Husband Can Be Held Liable for Wife’s Stock Trading Losses Based on Oral Agreement: SC
The Supreme Court has recently made a significant ruling in a case that has far-reaching implications for married couples and their financial dealings. In a landmark decision, the court has upheld an arbitration tribunal’s ruling that a husband can be jointly or severally liable for his wife’s stock market debt based on an oral agreement.
The case was filed by a stockbroker against a married couple who had entered into an oral agreement, wherein the husband had allegedly agreed to bear the risk of their joint stock market investments. The stockbroker had advanced a loan of ₹1.18 crore to the couple, which the wife had used to purchase shares. However, the shares declined in value, resulting in a loss of ₹1.18 crore. The stockbroker then filed a claim against the couple, seeking repayment of the loan with interest.
The arbitration tribunal ruled in favor of the stockbroker, holding that the couple was liable to pay the loan amount with interest. The tribunal also held the husband jointly and severally liable for the wife’s trading losses, based on the oral agreement entered into between the couple. The husband challenged the tribunal’s ruling in the Supreme Court, arguing that there was no written agreement and that he had not given any specific undertaking to bear the risk of their joint investments.
The Supreme Court, however, upheld the tribunal’s ruling, holding that the oral agreement between the couple was sufficient to make the husband liable for the wife’s trading losses. The court observed that the husband had not disputed the fact that he had given an oral undertaking to bear the risk of their joint investments, and that the wife had acted in reliance on this undertaking.
The court also noted that the husband had not produced any evidence to contradict the wife’s claim that he had given the undertaking. In the absence of any evidence to the contrary, the court held that the husband was bound by the terms of the oral agreement and was therefore liable for the wife’s trading losses.
The implications of this ruling are significant, particularly for married couples who have joint financial dealings. The ruling makes it clear that a husband can be held liable for his wife’s stock market debt based on an oral agreement, even in the absence of a written agreement. This means that husbands who enter into oral agreements with their wives to bear the risk of their joint investments can be held liable for any losses that their wives may incur.
The ruling also highlights the importance of ensuring that any agreements entered into between married couples are in writing and signed by both parties.
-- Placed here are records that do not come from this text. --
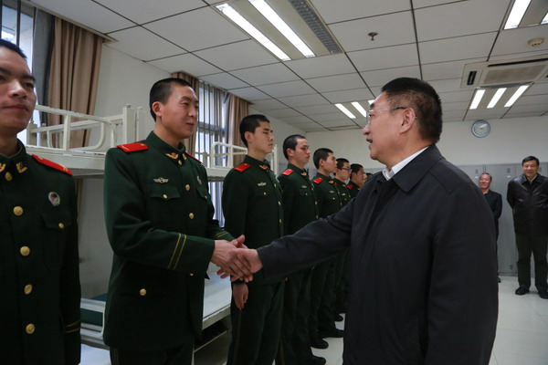 本站讯 猴年新春佳节即将到来之际,2月2日下午,水利部党组书记、部长陈雷一行,亲切看望慰问驻部武警战士、水利部行政审批受理中心和机关后勤干部职工,向大家致以新春的祝福和诚挚的问候。部领导矫勇、田学斌、刘宁、田野、周学文,总工程师汪洪,总规划师张志彤等一同看望慰问。
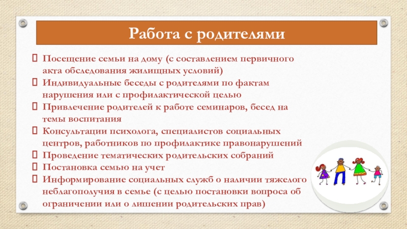 Информирование социальных служб о наличии тяжелого неблагополучия в семье (с целью постановки вопроса об ограничении или о лишении родительских прав)
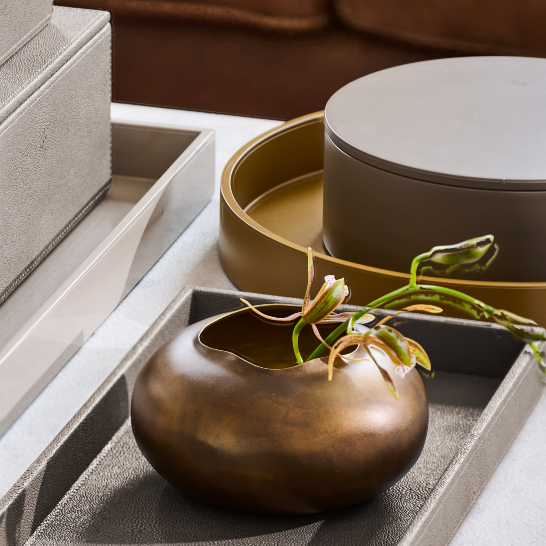 Beautiful handmade brass vase with a diameter of 15 cm and a height of 8 cm, in elegant Light Brown Patina.
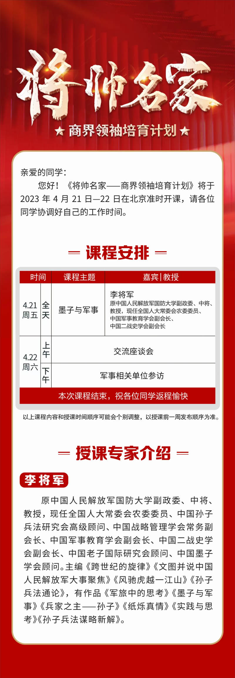 將帥名家-商界領(lǐng)袖培育計(jì)劃2023年4月21-22日開(kāi)課通知

While oral agreements may be sufficient in certain circumstances, they can also be difficult to enforce and may not be recognized by the courts.
In conclusion, the Supreme Court’s ruling in this case has significant implications for married couples and their financial dealings. The ruling makes it clear that husbands can be held liable for their wives’ stock market debt based on oral agreements, and highlights the importance of ensuring that any agreements entered into between married couples are in writing and signed by both parties.